The ECR ion source is a non-cathode source, has the characteristics of high ionization degree, large beam intensity, low air pressure, stable performance and the like, is a high-density low-air-pressure plasma source, can generate large-area uniform high-density plasma under lower air pressure, and ions in the plasma are restrained, extracted and accelerated to form ion beams to etch a substrate material. The ECR ion sources used at present are large in size and cannot meet the requirements of laboratories.

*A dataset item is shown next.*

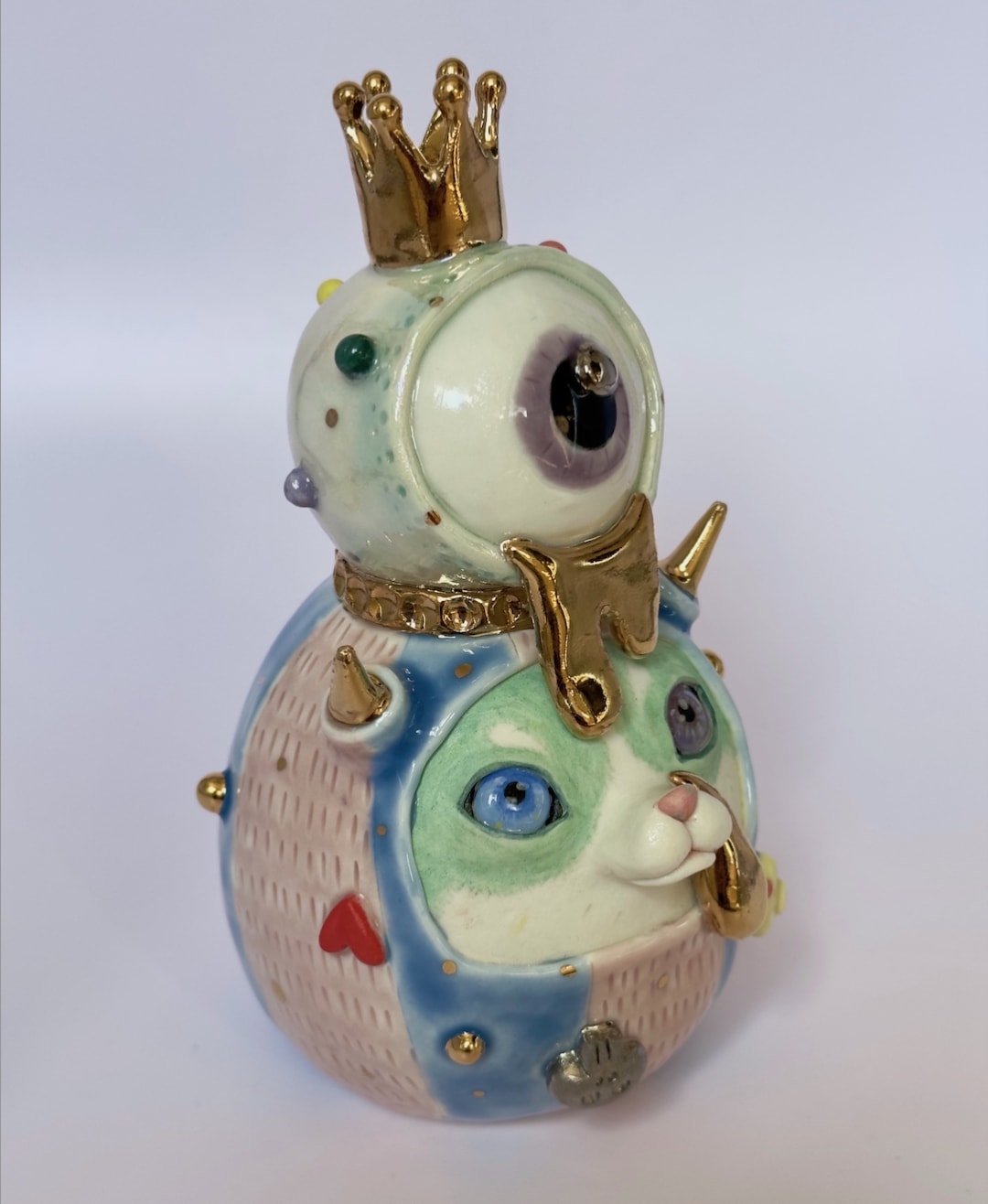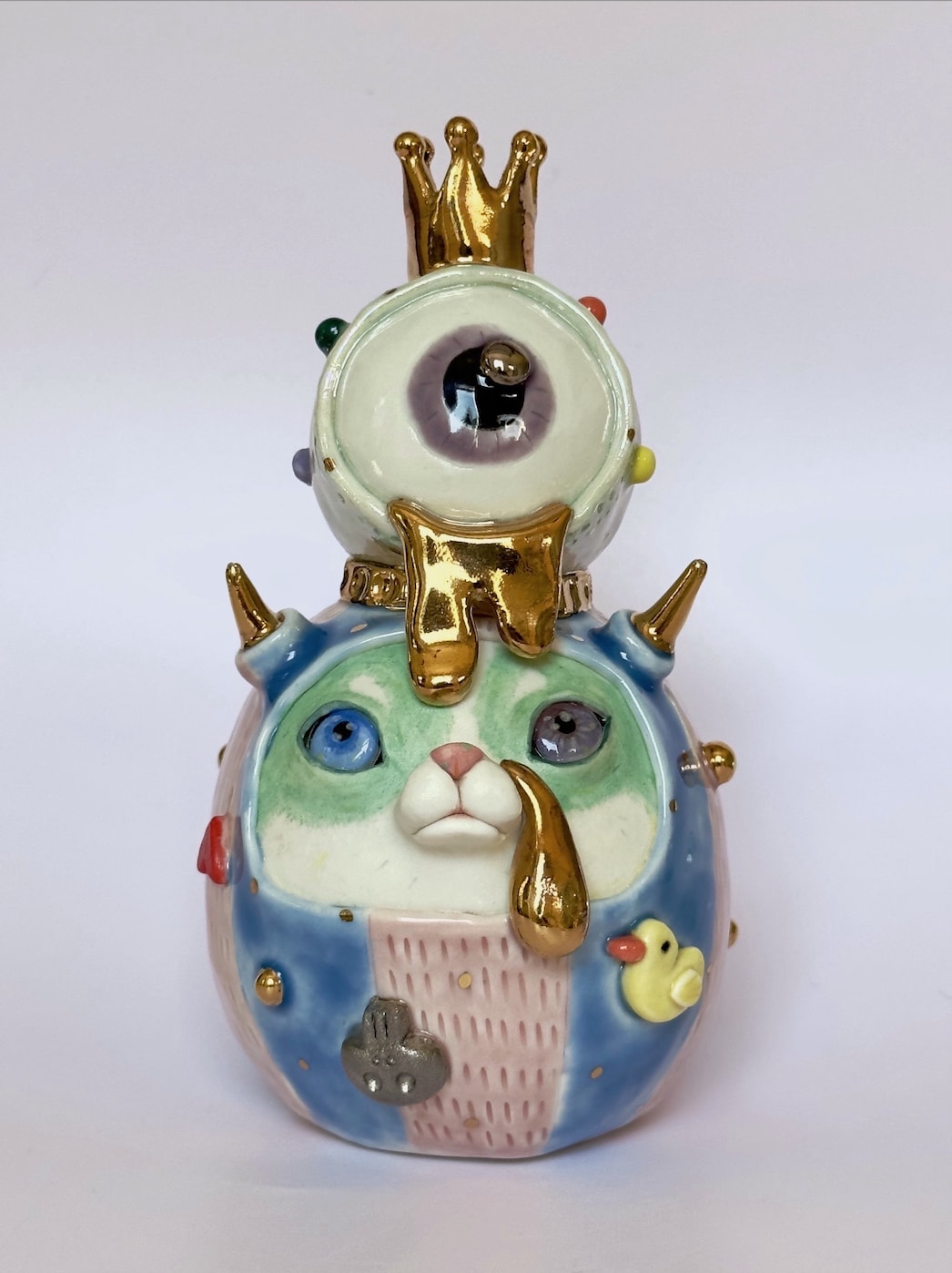 • porcelain, glaze, under glaze, copper carbonate, 22k gold luster, mop luster, resin

How to improve the ion beam current density, namely the particle energy under the same power is a constantly pursued goal of researchers to provide a device satisfying experimental conditions for ion etching.
Disclosure of Invention
The invention provides an ECR ion source device, which can solve the technical problems.
In order to achieve the purpose, the invention adopts the following technical scheme:
an ECR ion source device comprises a circular waveguide tube, a microwave feed-in window, a magnet group, a microwave source and a microwave source, wherein the circular waveguide tube is connected with an arc starting cavity through the microwave feed-in window;
a magnet group is arranged in the arc starting cavity, and one end of the magnet group is provided with a tri-grid;
the arc starting cavity is connected with a vacuum flange, and the vacuum flange is used for isolating vacuum and fixing an electrode of the three-grid.

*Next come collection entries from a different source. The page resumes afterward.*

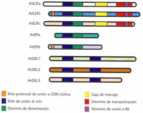 | Figura 1. Organización estructural y propiedades de la familia de E2F en Arabidopsis. En la familia de E2F se conservan los dominios de unión al ADN, de dimerización, de caja de marcaje y el dominio de transactivación. Basado en la conservación de los diferentes dominios, las ocho proteínas de E2F de Arabidopsis son clasificadas en E2F, DP y DEL. |
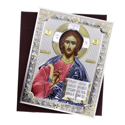 Preziosissima icona, posta su un supporto in legno noce, realizzata in argento Mirò e con i colori tipici dell'iconografia bizantina. L'icona raffigura il Cristo Pantocratore, soggetto molto diffuso e conosciuto, vestito di rosso e in atteggiamento severo e maestoso, seduto su un trono maestoso come un giudice, alla fine dei tempi. L'icona può essere appesa, ma anche appoggiata grazie al piedistallo incluso nella scatola. Rifinita a mano e curata nei dettagli. Realizzata completamente in Italia da un'azienda leader nella produzione di quadri in argento.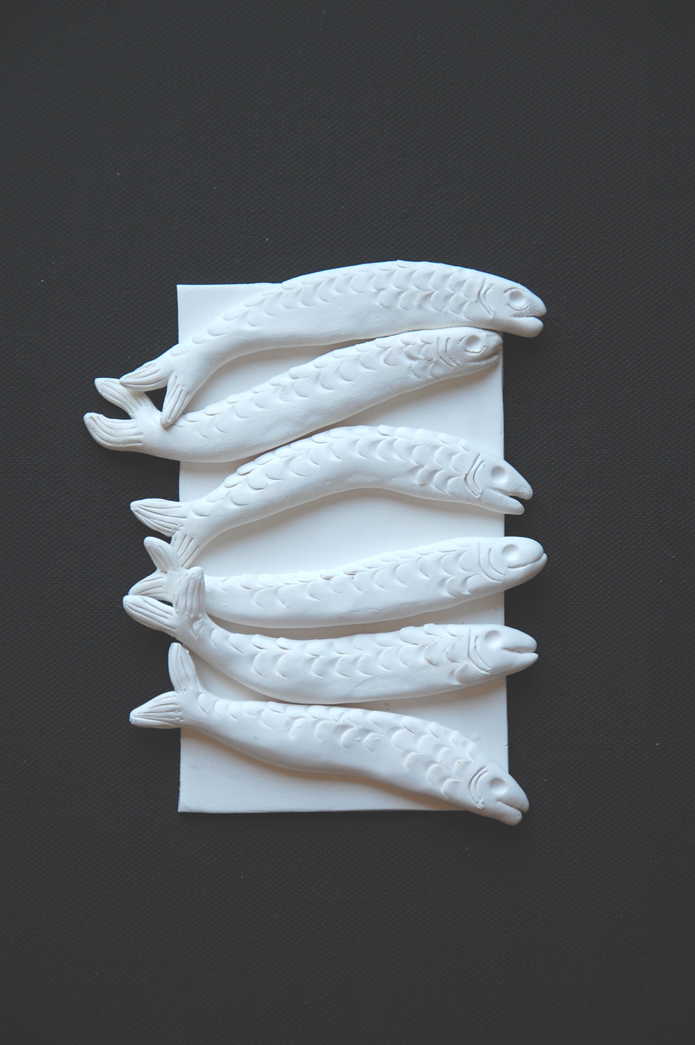 Sardine Wall Art, Coastal Grandmother & Tinned Fish Trend Decor, White Clay Fish Sculpture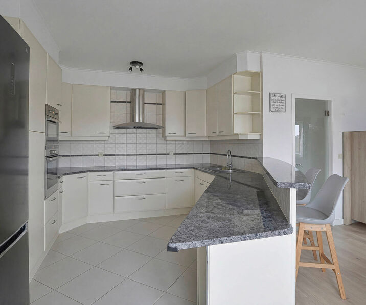 Entrance hall with cloakroom area, bright living room of +/-50 m² with a fully equipped open kitchen, 2 spacious bedrooms of +/-20 m² and 14 m², renovated bathroom (walk-in shower, toilet, sink, and connections for a washing machine/dryer), 3rd bedroom suitable for a child or office of +/-7 m², and a second bathroom (bathtub, sink, and toilet).

The arc starting cavity is provided with a circle of fine and dense small holes at the variable cross section position so as to enable ionized gas to uniformly enter the arc starting cavity.
Furthermore, the magnet is of an annular structure, and the magnetizing direction is the thickness direction.
Furthermore, one end of the circular waveguide tube is closed, and a small hole is formed in the middle of the circular waveguide tube and used for installing an antenna.
Furthermore, the antenna is an electric conductor with a circular section and bent into a right angle.
Furthermore, the three-grid is a group of small and thin circular groups which are symmetrically distributed in the middle of the circular thin sheet, and the positions of the circular hole groups of each grid are consistent.
Furthermore, the distance of each grid of the three grids is different so as to meet the requirements of different voltage-resistant grades, and the grids are respectively provided with an electric lug.
Further, the vacuum flange is a standard CF flange of a vacuum electrode and is provided with an air inlet. When the electrode on the vacuum flange is connected with the three grids, the electrode is connected with the three grids through the elastic wave plate.
Further, the microwave feed window microwave is a quartz window that is sealed and kept in vacuum.
According to the technical scheme, the ECR ion source device can be made into a standard product and installed on different vacuum chambers, high-density ions can be obtained in a low-power state, and the particle energy provided by the same power is high.
The ECR ion source device provided by the invention adopts the permanent magnet to provide the magnetic field, so that a special power supply and a corresponding water cooling system of the magnet are omitted, the cost is reduced, and the ECR ion source device has smaller volume and more compact structure in the similar equipment; the ion source can work continuously and stably, stably provides ions under lower air pressure and has high compatibility with gas, due to the characteristic of no cathode, the provided ions have high cleanliness, the gas can be fully ionized in a mode of circularly and uniformly feeding the ionized gas, and the obtained beam current intensity is high.
Drawings
FIG. 1 is a schematic diagram of the principles of the present invention;
FIG. 2 is a tri-gate structure of the present invention;
FIG. 3 is a sectional structural view of the present embodiment;
FIG. 4 is a schematic diagram of the tri-gate power connection of the present embodiment;
fig. 5 is a three-gate structure view of the present embodiment.
Detailed Description
In order to make the objects, technical solutions and advantages of the embodiments of the present invention clearer, the technical solutions in the embodiments of the present invention will be clearly and completely described below with reference to the drawings in the embodiments of the present invention, and it is obvious that the described embodiments are some, but not all, embodiments of the present invention.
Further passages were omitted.